[Sir Ludar by Talbot Baines Reed]@TWC D-Link bookSir Ludar CHAPTER SIX 5/23
Yet often enough he brightened up, and began carolling some wild song; or else darted off the road after a hare or other game which he rarely failed to bring down with his arrow; or else rallied me for my silence, and bade me talk to him. At these times I asked him about his own country, and his father, and then his face lit up.
For though he had not seen either since he was a child, it was clear he longed to be back. "What prevents your returning now ?" said I. He looked at me in his strange wondering way. "Know you not that McDonnell is an exile, and that the hated Sassenach holds his castle ?" demanded he. I confessed I did not; for a London 'prentice hears little of the news outside.

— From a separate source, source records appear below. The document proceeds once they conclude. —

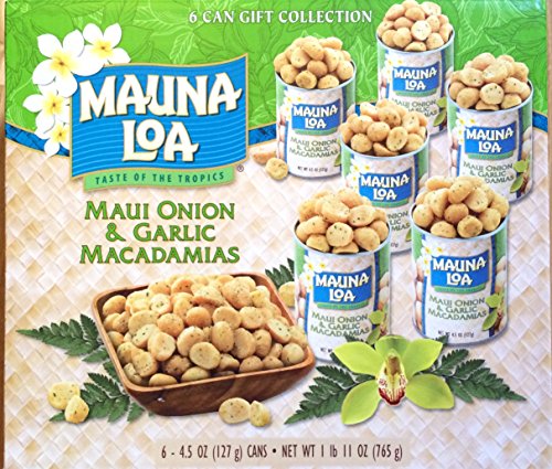 -. Title : Maui Onion & Garlic Premium Roasted Macadamias, Island Classics 6-Tin Gift Pack
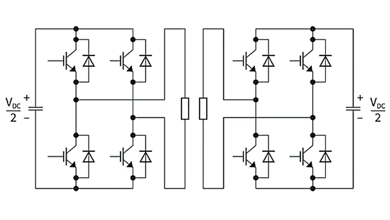 Der DAB-Wandler (Dual Active Bridge) ist eine Alternative zum Abwärtswandler (Bild 7). Er verwendet einen Hochfrequenztransformator zur Kopplung der Eingangs- und Ausgangs-Vollbrückenschaltungen, um eine galvanische Trennung zu gewährleisten. Eine solche Isolierung ist oft hilfreich, um die Korrosion des Tanks und der Elektroden der Elektrolysezelle zu minimieren. Identische Vollbrückenschaltungen werden mit komplementären Rechtecksignalen angesteuert. Die Phasenlage der Ansteuersignale zwischen der Primärseite und der Sekundärseite bestimmt die Richtung des Leistungsflusses. Darüber hinaus minimiert der DAB-Wandler die Schaltverluste, indem er die IGBTs im Null-Volt-Modus schaltet. Die Schaltung kann mit Halbbrücken-IGBT- oder Siliziumkarbid(SiC)-MOSFET-Modulen aufgebaut werden.
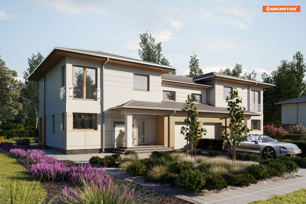 Dwa wygodne lokale mieszkalne proponuje projekt piętrowego domu jednorodzinnego Igor Grota Duolit. Rozplanowano je tak, jak w wariancie do zabudowy bliźniaczej - w projekcie domu Igor Grota Duo. Do części mieszkalnej dostawiono, przesunięty ku frontowi, garaż z kotłownią. Na parterze, oprócz przedsionka i WC, zamknięto tylko przestrzeń pod częścią klatki schodowej. Pokój dzienny jest dzięki temu niezwykle przestronny, oświetlony z trzech stron świata. Duża kuchnia ma sporą spiżarnię i ergonomiczny układ sprzętów. W centrum znalazł się tu barek na szybką poranną kawę. Podział schodów na biegi różnej długości wydzielił na osobnych poziomach pokój z łazienką i pralnię oraz wyżej - główną część nocną z trzema sypialniami. Częściowe podpiwniczenie, dostępne z garażu, mieści pomieszczenia gospodarcze i hobby. Zdyscyplinowany prostopadłościan bryły głównej ma czterospadowy, niezbyt stromy dach z krótką kalenicą a część garażową - dwuspadowy. Wejścia główne są oddzielone garażami i akcentowane daszkiem na słupie. Narożne okna salonu i kuchni dają poczucie prywatności. Nowoczesny styl podkreślają narożne okna salonu i kuchni oraz przeszklenia z barierką zamiast balkonów. Wszystko to decyduje o willowym, reprezentacyjnym wyglądzie.
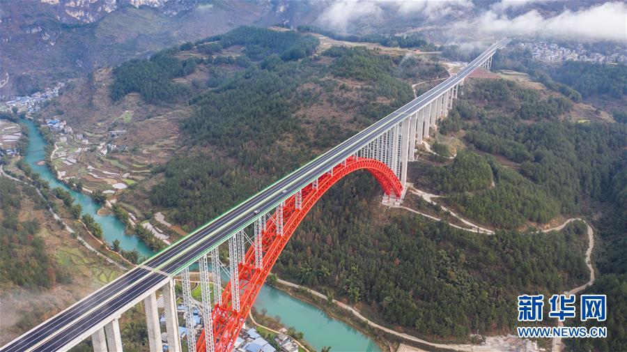 這是中冶集團承建的紫望高速火花特大橋(無人機照片,1月1日攝)。新華社記者陶亮攝
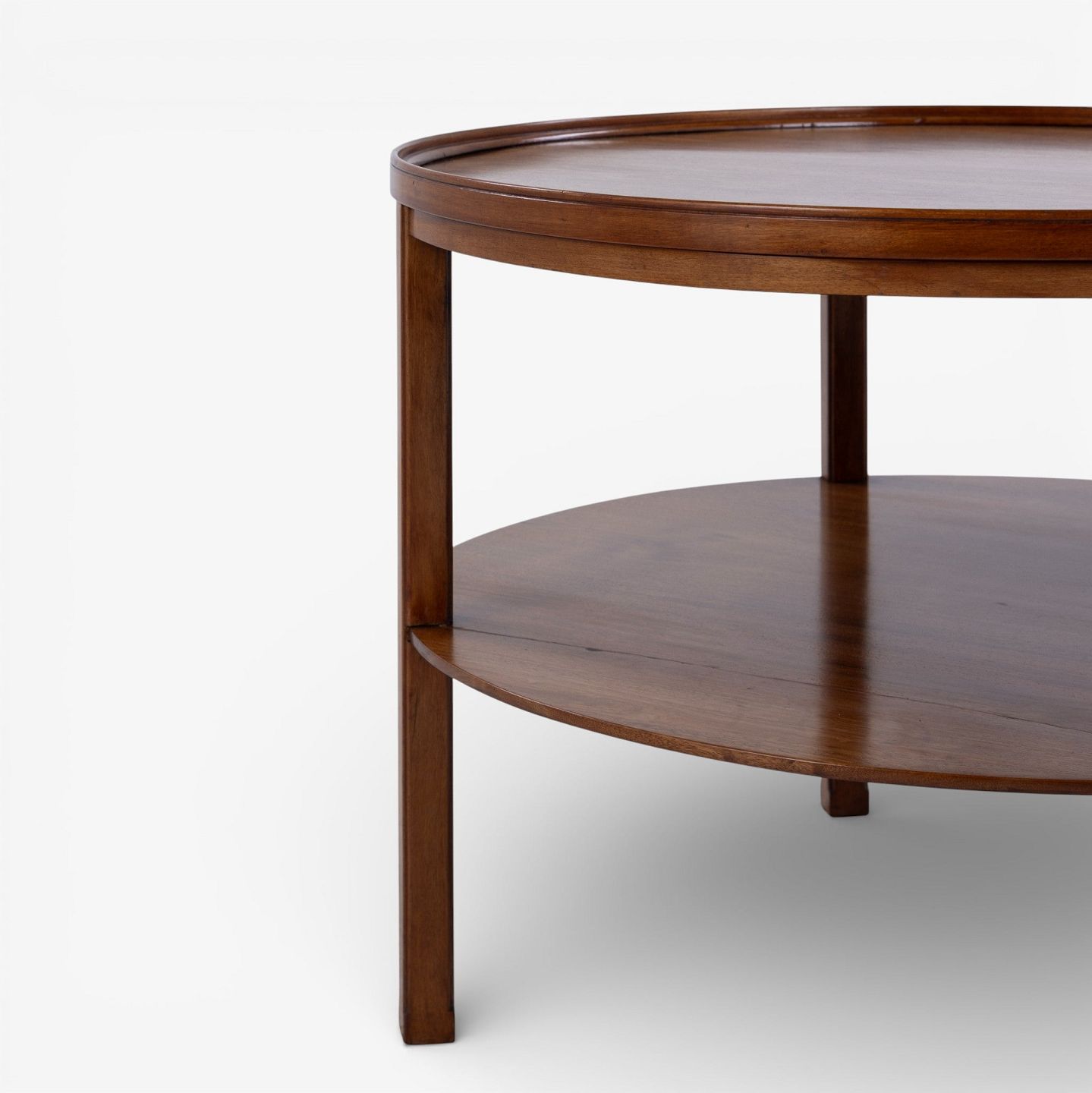 Round coffee table in patinated mahogany with underlying shelf. Manufacturer's mark.

Besides, though I durst not tell him as much, I did not know who McDonnell, his father, might be; or what he meant by Sassenach. "But he will feast in Dunluce once more," cried he, "and I shall be there too.
And the usurper woman Elizabeth shall--" Here I sprang at him, and felled him to the ground! The blood left my heart as I saw what I had done.
As he lay there, I could hardly believe it was I who had done it; for I loved him as my own brother, and never more so than when he leapt to his feet, and with white lips and heaving chest stood and faced me. I was so sure he would fly at me, that I did not even wait for him to begin, but flung myself blindly on him.